Reputation: 53
I am working on a requirement to get stats about files stored in Linux using Scala.
We will pass the root directory as input and our code will get the complete list of sub directories for the root directory passed.
Then for each directory in the list i will get the files list and for each files I will get the owners, groups, permission, lastmodifiedtime, createdtime, lastaccesstime.
The problem is how to can I process the directories list in parallel to get the stats of the files stored in that directory.
In production environment we have 100000+ of folders inside root folders.
So my list is having 100000+ folders list.
How can I parallize my operation(file stats) on my available list.
Since I am new to Scala please help me in this requirement.
Sorry for posting without code snippet.
Thanks.
Upvotes: 0
Views: 498
Reputation: 1163
I ended up using Akka actors.
I made assumptions about your desired output so that the program would be simple and fast. The assumptions I made are that the output is JSON, the hierarchy is not preserved, and that multiple files are acceptable. If you don't like JSON, you can replace it with something else, but the other two assumptions are important for keeping the current speed and simplicity of the program.
There are some command line parameters you can set. If you don't set them, then defaults will be used. The defaults are contained in Main.scala.
The command line parameters are as follows:
(0) the root directory you are starting from; (no default)
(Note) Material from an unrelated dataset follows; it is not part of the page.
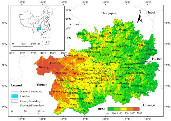 Guizhou Province is situated on the Yunnan-Guizhou Plateau (Figure 2). By the end of 2023, Guizhou Province had 88 districts and counties with a resident population of 38.65 million. As a typical mountain karst area, Guizhou Province is the only province in China without a plain, and its average altitude is 1100 m. Most of Guizhou Province is plateau and mountainous areas. Of this, 92.5% of the area is covered by mountains and hills. As a transport hub in southwest China, Guizhou Province is an important transit area for the northwestern and southwestern provinces and regions to the coast. It is worth noting that the province of Guizhou is one of the few regions that has realized high-speed access to all counties. In addition, Guizhou Province is also known as “eight mountains, one water, one field”, which is a typical karst landscape with serious rocky desertification in some areas [66,67]. The special topography and geomorphology make land resources in Guizhou Province even more scarce.

(1) the timeout interval (in seconds) for all the timeouts in this program; (default is 60)
(2) the number of printer actors to use; this will be the number of log files created; (default is 50)
(3) the tick interval to use for the monitor actor; (default is 500)
For the timeout, keep in mind this is the value of the time interval to wait at the completion of the program. So if you run a small job and wonder why it is taking a minute to complete, it is because it is waiting for the timeout interval to elapse before closing the program.
Because you are running such a large job, it is possible that the default timeout of 60 is too small. If you are getting exceptions complaining about timeout, increase the timeout value.
Please note that if your tick interval is set too high, there is a chance your program will close prematurely.
To run, just start sbt in project folder, and type
runMain Main <canonical path of root directory>
I couldn't figure how to get the group of a File in Java. You'll need to research that and add the relevant code to Entity.scala and TraverseActor.scala.
Also f.list() in TraverseActor.scala was sometimes coming back as null, which was why I wrapped it in an Option. You'll have to debug that issue to make sure you aren't failing silently on certain files.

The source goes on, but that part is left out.